Wentz brings physicality as ‘bouncer’ of receiver group

photo by: Chance Parker/Special to the Journal-World

Kansas wide receiver Levi Wentz runs through drills during the first practice of spring on Sunday, March 2, 2025.

Levi Wentz may be in some sense one of the most experienced players on the Kansas roster, as a sixth-year senior, but he’s still young in the game of football as a whole.

“Levi is one of those guys that his ceiling is huge,” wide receivers coach Terrence Samuel said. “He was kind of a guy that was playing out of position, that type of thing, coming up, and now he’s starting to blossom and see things at the wide receiver position.”

Wentz didn’t play high school football until his senior year at Pine-Richland High School in Pennsylvania, and then when he eventually did take his talents to the gridiron he cycled through several positions on defense at Old Dominion before he finally developed into a full-fledged receiver at Albany.

“I come from a defensive background,” Wentz said, “so you know I’m used to all the bumping, head bumping, just getting down and dirty.”

The 6-foot-2 redshirt senior sets the tone with his physicality. That’s why Samuel calls him the “bouncer” of the wide receiver group: “If it gets rowdy, I’m getting Levi to go throw some guys out the bar.”

“I would agree with that,” Wentz said of the label. “I’m not afraid to get my hands dirty … I think that’s a pretty accurate description. That sounds like something he would say.”

Teammate Emmanuel Henderson Jr., an Alabama transfer, has heard Samuel use the “bouncer” descriptor before. He said he likes Wentz’s play style.

“He’s definitely a guy to go to — 50/50 ball, he goes to get them,” Henderson said.

The new wideouts each have their own roles to play in offensive coordinator Jim Zebrowski’s scheme.

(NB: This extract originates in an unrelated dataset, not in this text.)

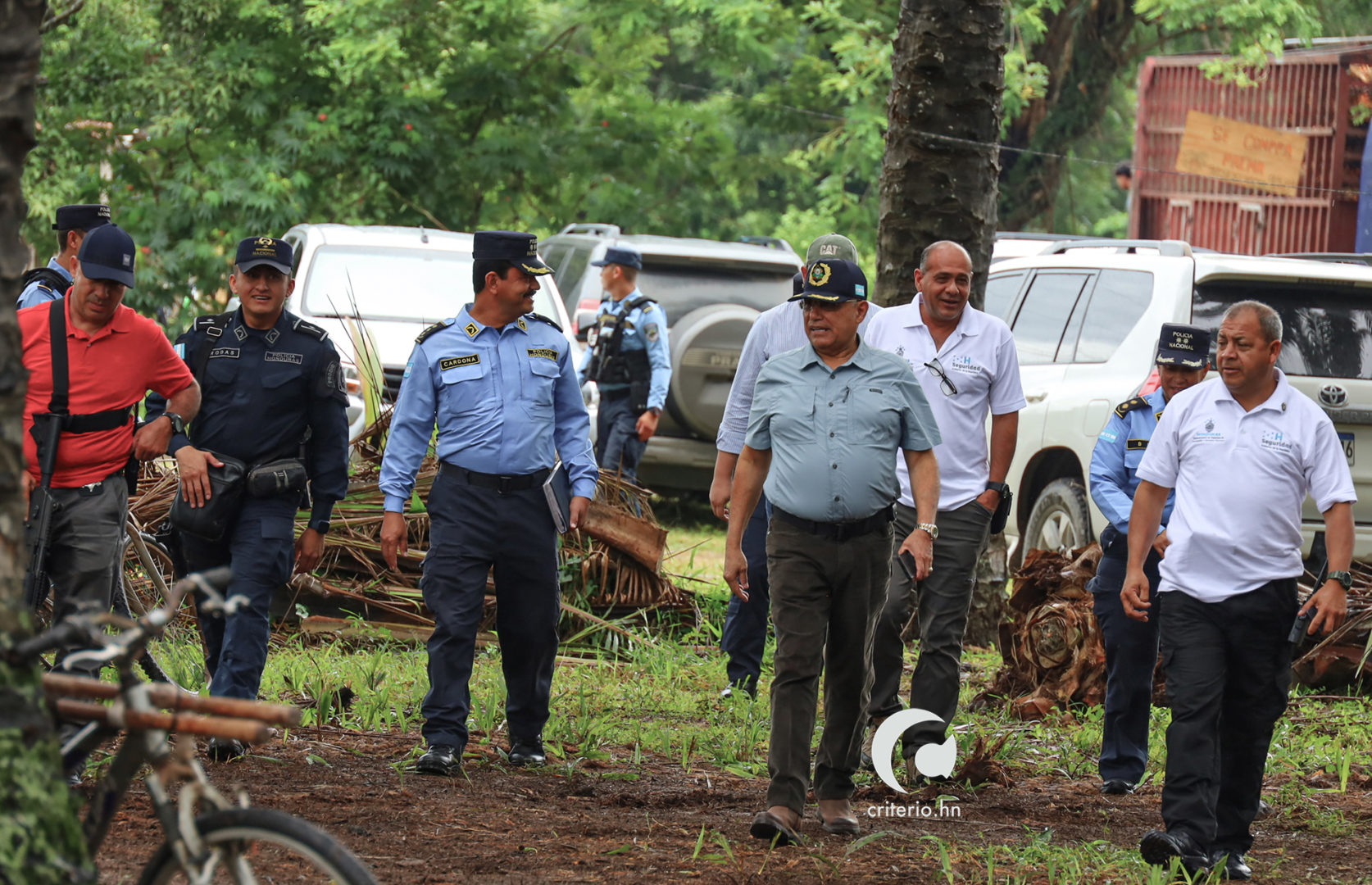 Ese mismo mes, en presencia de Criterio.hn, el ahora titular de la Secretaría de Derechos Humanos, Longino Becerra –entonces subsecretario de esa entidad–, visitó la zona junto al subsecretario de Seguridad, Hugo Suazo, y fiscal general adjunto del Ministerio Público, Marcio Cabañas Cadillo. Tanto Becerra como Suazo y Cabañas arribaron en vehículos de lujo y escoltados por civiles armados y agentes de la Policía Nacional.

Henderson brings a level of speed that KU and its players and coaches haven’t seen before. Cam Pickett, from Ball State, is a shifty slot receiver whom the Jayhawks plan to line up all around the field and get involved with fly sweeps; Samuel calls him “one of the most sudden kids that I’ve been able to coach.” Columbia transfer Bryson Canty has been limited by a leg injury in fall camp but is a strong route runner who can go up for the ball like Wentz. They all join returners Doug Emilien, an off-field leader and devoted blocker, and Keaton Kubecka, a promising young player of whom Samuel has spoken highly in the past.

As for Wentz himself, he says, “Obviously, they brought me here for a reason.”

“I think with my ability to stretch the field, go deep and be physical and go make a play, not only in the pass game going up and getting the ball, but in the run game, just mugging guys up and trying to create some spring blocks for guys, I think that that should translate well into the offense,” he said. “I’m just doing my job and let the chips fall where they may.”

Samuel said Wentz has “a lot more speed than what you might give him credit for.” But the most salient attribute is the physicality with which he runs his routes. It’s a quality the Jayhawks had in Lawrence Arnold in previous years, Samuel said.

“If I need somebody to go and crack a linebacker, a safety or whomever, the water girl on the sideline, he’ll probably do it,” Samuel said of Wentz.

The wideouts still have plenty of work to do in general after a “good job, not great” in the first two thirds of fall camp. Samuel said their timing with quarterbacks needs to get better, and “every wide receivers coach in America is going to say there’s too many darn drops, and there’s generally a lot of foul language when he says too many drops.”

Wentz has his own specific areas of improvement in mind, particularly when it comes to mastering the offense, as well as improving his footwork, which Wentz said doesn’t always come naturally to bigger wideouts like him.

He’s come a long way. Through his first four years of college football, Wentz had tallied 13 career catches. His breakout season at Albany was 2024, when he caught 40 passes for 621 yards and a touchdown, including a trio of 100-yard showings for the Great Danes.

In December, he became the second of four primary transfer wideouts (eventually five, with the recent late-summer addition of Jaidyn Doss from Nebraska) to join KU over the course of the offseason as the Jayhawks rebuilt their receiving corps in preparation for Daniels’ last year.

As is the case with Canty, Emilien and Henderson, it’s also Wentz’s last year — even if he hasn’t been snagging passes for all that long.

“I have a big sense of urgency,” he said. “This is all I think about 24/7. When I’m laying my head on my pillow, I’m like, ‘All right. Can’t wait to get to tomorrow and get back to it.’ With this being my last year, I’m just trying to make the most of every opportunity. I’m excited for the upcoming season and what it can do for not only myself, but the whole program.”

photo by: UAlbany Athletics

UAlbany wide receiver Levi Wentz makes a grab during a game against Monmouth in Albany, N.Y. on Saturday, Nov. 18, 2023.